Electricity usage measurements

With the intent of decreasing our home’s electricity usage, I measured the electrical usage of many of the appliances, toys, gadgets, etc. in the house using a device called a Kill-A-Watt. It’s an inexpensive device that goes between your device and the wall outlet. Among other features, it can tell you how many watts a device is drawing at the moment or how many kilowatt-hours it has used over time.

In the tables below, I am using 11 cents per kilowatt hour for computinpg the costs, since that’s about what power costs here. Note: I can only measure devices that plug into a 110V socket, so the air conditioner and dryer can’t be measured.

I divided the devices in my house into three basic categories based on how they are used. The first category is devices that run in batches or cycles. Here’s a table showing how much power each cycle consumes. Note: these figures only measure the electricity used by the device itself, not in heating the water, etc.

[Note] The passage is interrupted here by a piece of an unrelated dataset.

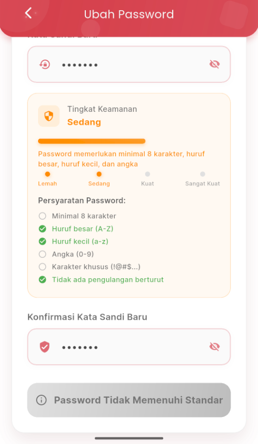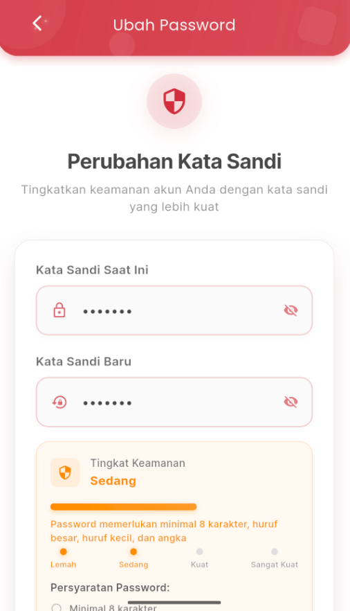 - The system will automatically assess the security level of your new password (Weak, Medium, Strong, or Very Strong).

The second category is devices that run all the time, including appliances like the fridge. I’ve also included the devices in the home that draw power even when off. For instance, notice that the TV draws 2 watts when it’s “off”, since it’s still doing things like listening for the remote control.

The final table shows items that are measured by the hour. Even the most power-hungry devices don’t cost much per hour, so I included a column to show you how many hours $1 of electricity will buy you.

To sum up, here were the main things that I found surprising or insightful:

  • For CRT monitors, displayed a white screen takes far more power than a black screen
  • If you’re cold at night, use an electric blanket, not a space heater!
  • The DVR never really shuts off.
  • Spinning down the hard drive in the desktop computer isn’t a huge power savings, but standy is.
  • The desktop computer only uses marginally more power when very busy compared to at idle.

I’ve got a few more things to measure, but if you have any requests, let me know. Also, if I know you, you’re free to borrow my kill-a-watt to measure stuff around your place.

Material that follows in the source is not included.